Sin embargo, volviendo al verdadero sentido del “conservadurismo”, este, a  pesar de su potencia, decae por  distintas razones, una de ellas, por no ofrecer soluciones  a los problemas que ofrecía la contingencia de la sociedad industrial de masas, otra, la principal, por estar atado a un sistema de gobierno a todas luces injusto, el Absolutismo.

Esto último -comprometerse con la Corona y el Absolutismo- no pasó en América y menos en Chile a la hora de la revolución de la independencia.

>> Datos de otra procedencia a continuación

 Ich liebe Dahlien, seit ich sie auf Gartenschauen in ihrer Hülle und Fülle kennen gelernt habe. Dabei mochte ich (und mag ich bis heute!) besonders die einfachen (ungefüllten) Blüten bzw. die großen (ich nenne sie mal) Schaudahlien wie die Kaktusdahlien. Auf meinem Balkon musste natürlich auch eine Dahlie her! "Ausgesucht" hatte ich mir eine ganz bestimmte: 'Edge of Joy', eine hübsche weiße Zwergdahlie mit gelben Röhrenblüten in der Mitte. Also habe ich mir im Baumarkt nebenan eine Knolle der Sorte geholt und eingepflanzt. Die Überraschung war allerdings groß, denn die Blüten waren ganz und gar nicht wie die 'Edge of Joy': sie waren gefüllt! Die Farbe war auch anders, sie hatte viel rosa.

Quienes se revelaban eran los mismos católicos- conservadores locales, “la fronda aristocrática”. Por más que los historiadores metan en la cuchara a los masones, liberales o ilustrados, la independencia chilena fue un producto de la aristocracia, que en esencia era conservadora. No solo la aristocracia siguió siendo conservadora, si no vastos estratos de la sociedad. Clases medias y bajas eran educadas por la Iglesia en su tradición occidental.

Y hasta el día de hoy, por historia que no viene al cuento,  los colegios más aristocráticos–no quiero decir más plutocráticos, pues de esos hay miles- siguen siendo colegios católicos conservadores, que recogen, o tratan de recoger la tremenda herencia cultural de occidente. (Los otrora Saint George, Sagrados Corazones, Verbo Divino, Instituto Alonso de Ercilla, San Ignacio El Bosque, hoy Tabancura, San Francisco de Asís y Cordillera, etc).  Además, es sabido por todos que por el sistema educacional, muchos conservadores llegan a la cúspide de la cultura y de la praxis profesional nacional.

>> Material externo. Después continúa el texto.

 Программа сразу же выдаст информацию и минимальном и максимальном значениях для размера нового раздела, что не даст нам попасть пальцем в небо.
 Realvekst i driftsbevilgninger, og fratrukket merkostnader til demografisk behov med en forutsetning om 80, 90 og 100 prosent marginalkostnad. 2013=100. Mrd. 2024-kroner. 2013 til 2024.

Pero su impresionante miedo a exponer su cultura en el debate público, pensando que “dialogar” es ser relativista, el temor a que los etiqueten “conservadores”, el poco conocimiento que tienen de su herencia cultural, la poca capacidad de reflexionar sus planteamientos y llevarlos a la contingencia, la comodidad de la vida-burguesa liberal, sus problemas burgueses-existenciales, a llevado a que muchos de ellos se rindan a  la tecnocracia, el neoliberalismo doctrinario, social democracia o al cristianismo marxista y sus derivados, . El resto se dedica a una vida familiar sosegada siendo que muchos- por los talentos que han recibido- deberían estar luchando en el debate público de este país.

No es raro que muchas de las figuras más prominentes  de la izquierda y del mal llamado (por no decir mal parido) “progresismo” hayan surgidos de sus filas. Si no me cree, averigüe en que colegio o universidad estudiaron Carlos Altamirano, José Joaquín Brunner, José Antonio Viera-Gallo, Ignacio Walker, Juan Gabriel Valdés, José Miguel Insulza, Eugenio Tironi y Manuel Riesco.

Por tanto no es de extrañar siendo el conservadurismo algo casi invisible, influya tanto. En términos de moda; funcionando al 10% de su capacidad, aun tiene una considerable porción de la “oferta cultural”. Debe ser por su “know how” de 20 siglos.